A thousand dollars is largely seen as the goal of modern genomic sequencing. That's a full human genome sequenced for $1000, a task that cost $500 million only 5 years ago, as Duncan notes.

Using next gen sequencing approaches (such as Illumina, 454 and ABI's SOLiD), a genome currently costs around $100,000 to sequence. That said, the cost in producing, storing and analysing that sequence is much greater.

Give the orders-of-magnitude rate of change in this area every few years, we need to start getting ready for the $1000 genome now, with simple software development approaches that can keep up.

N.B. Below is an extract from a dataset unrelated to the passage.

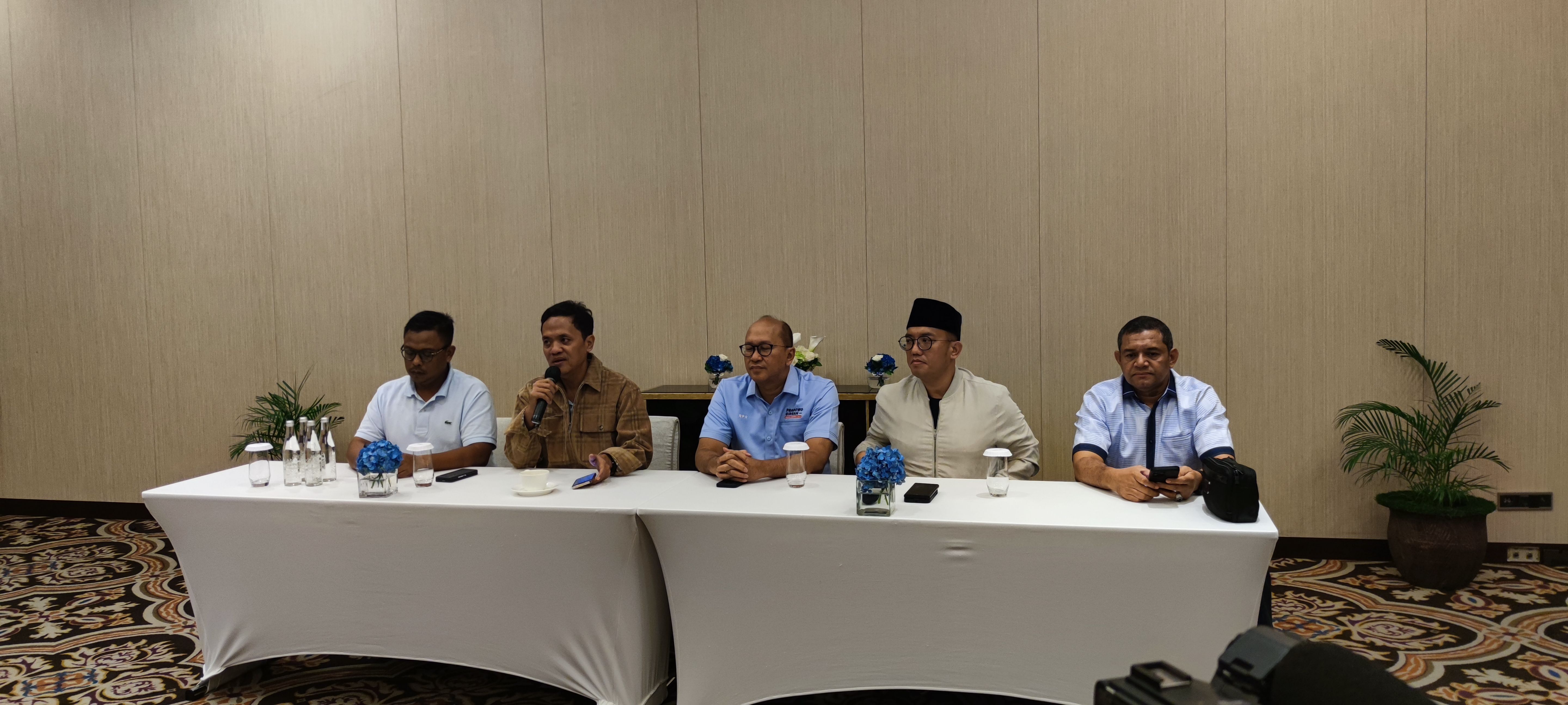 TKN saat melakukan konferensi pers mengenai pemberitaan kasus korupsi pembelian pesawat tempur Mirage 2000-5 dari Qatar oleh Menhan Prabowo Subianto. Foto M Julnis Firmansyah

Over at The Technium, Kevin Kelly recently posted about Zillionics.

Zillionics is a new realm, and our new home. The scale of so many moving parts require new tools, new mathematics, new mind shifts.

The post relates to the changing scale of modern information, and the requirement of rapidly increasing the rate of capture and analysis. As Kevin notes, nowhere is this more true than in Biology:

Zillionics is a realm much more at home in biology—where there have been zillions of genes and organisms for a long time—than in our recent manufactured world. Living systems know how to handle zillionics.

Whilst natural systems have long relied upon the interplay of massive networks at the cellular and sub-cellular level, the world of informatics has only really started to think in terms of peta and exa in the past 12 months.

To say we're playing catch up is an understatement.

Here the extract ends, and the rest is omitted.